Conseillez à l’auteur que vous citez Matthieu 23.37, un bel exemple de Jésus qu’il ferait bien de méditer !
Bonjour,
je ne peux m’empêcher de réagir très vite à votre article (percutant
et excellent !) tant cette notion de la masculinité développée par certains chrétiens est effrayante et surtout anti-biblique !
Si j’ai bien compris, Jésus était un homme de la même nature
que nous sauf le péché et tout ce qu’il a pu faire ou supporter,
il l’a réalisé par la puissance du Saint-Esprit, et non par sa capacité
humaine: exemple extraordinaire car c’est le même Saint-Esprit qui
vit en nous, que l’on soit homme ou femme !
Ce modèle de masculinité resurgit dés qu’il y a des avancées pour
les femmes dans le monde. (résistance, peurs, orgueil, refus de
remise en question, de perte des privilèges, des repères….. ?)
On aura malheureusement ce problème jusqu’au retour du Christ.
La réflexion sur ces questions est cruciale car les femmes
y contribuent aussi malheureusement.
II est surprenant que les hommes qui ont le plus reçu de lettres d’amour
dans l’histoire sont des dictateurs : Hitler, Staline , Mao, Bokassa,….
Hommes et femmes sont fascinés par une compréhension diabolique
de la virilité liée au pouvoir mal compris.
MERCI de nous aider à déconstruire ces modèles masculin ou féminin
du monde de la chute et qui nous influencent encore beaucoup, et le plus grave même dans notre lecture de la bible afin de
reconstruire sur la base de l’enseignement du Christ.
Merci ! Je me demande toujours pourquoi les hommes qui sont si sûrs de la prédominance masculine, ne se ‘fabriquent’ pas eux-mêmes et ont besoin du corps d’une femme pendant 9 mois pour devenir un être humain, sans omettre les temps de la petite enfance… En mettant toujours les forces physiques en avant, c’est cacher une frustration psychologique par rapport à cette obligation “naturelle” de passer par la force féminine de l’engendrement…
Dieu choisit Marie pour concevoir un fils, le fils unique de Dieu, Jésus.
Le Fils de l’homme a l’ADN de son Père par le Saint-Esprit et Dieu a choisit celui de la femme Marie.
Dieu choisit son prénom.
Joseph a obéit et a pris soin de Jésus comme son fils.
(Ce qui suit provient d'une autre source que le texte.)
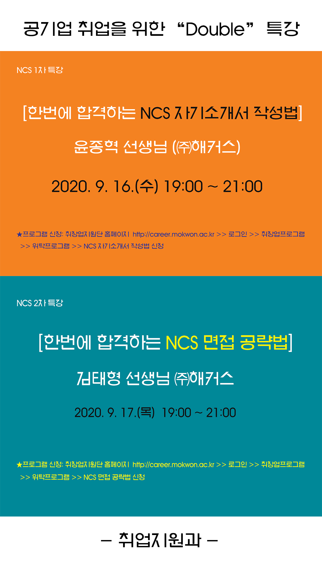 1) 참여자에게는 취업역량마일리지 적립 가능(강의 참여 후 수료증이나 확인증 jobgo@mokwon.ac.kr)

Quelle belle image de l’homme dans son son rôle d’Epouse de Jésus-Christ.
Marie et Élisabeth ont porté les 2 nourrissons qui ont participé au commencement de la nouvelle alliance entre Dieu et les hommes. “Dès qu’Élisabeth entendit la salutation de Marie, son enfant tressaillit dans son sein, et elle fut remplie du Saint-Esprit.
Luc 1:41 LSG”
Ne sommes-nous pas hommes et femmes, Épouse de Jésus-Christ en tant qu’Eglise ?
“Ne faites rien par esprit de parti ou par vaine gloire, mais que l’humilité vous fasse regarder les autres comme étant au-dessus de vous-mêmes.
Philippiens 2:3 LSG”
“Arrêtez, et sachez que je suis Dieu: Je domine sur les nations, je domine sur la terre.
Psaumes 46:11 LSG” Alléluia !
Bonjour,
Moi qui suis un… homme, je vous remercie vivement pour votre article. Il m’a fait découvrir – encore ! – un nouvel argument contre l’engagement des femmes dans les ministères de responsabilité dans l’Eglise, et un argument aussi fallacieux que les autres.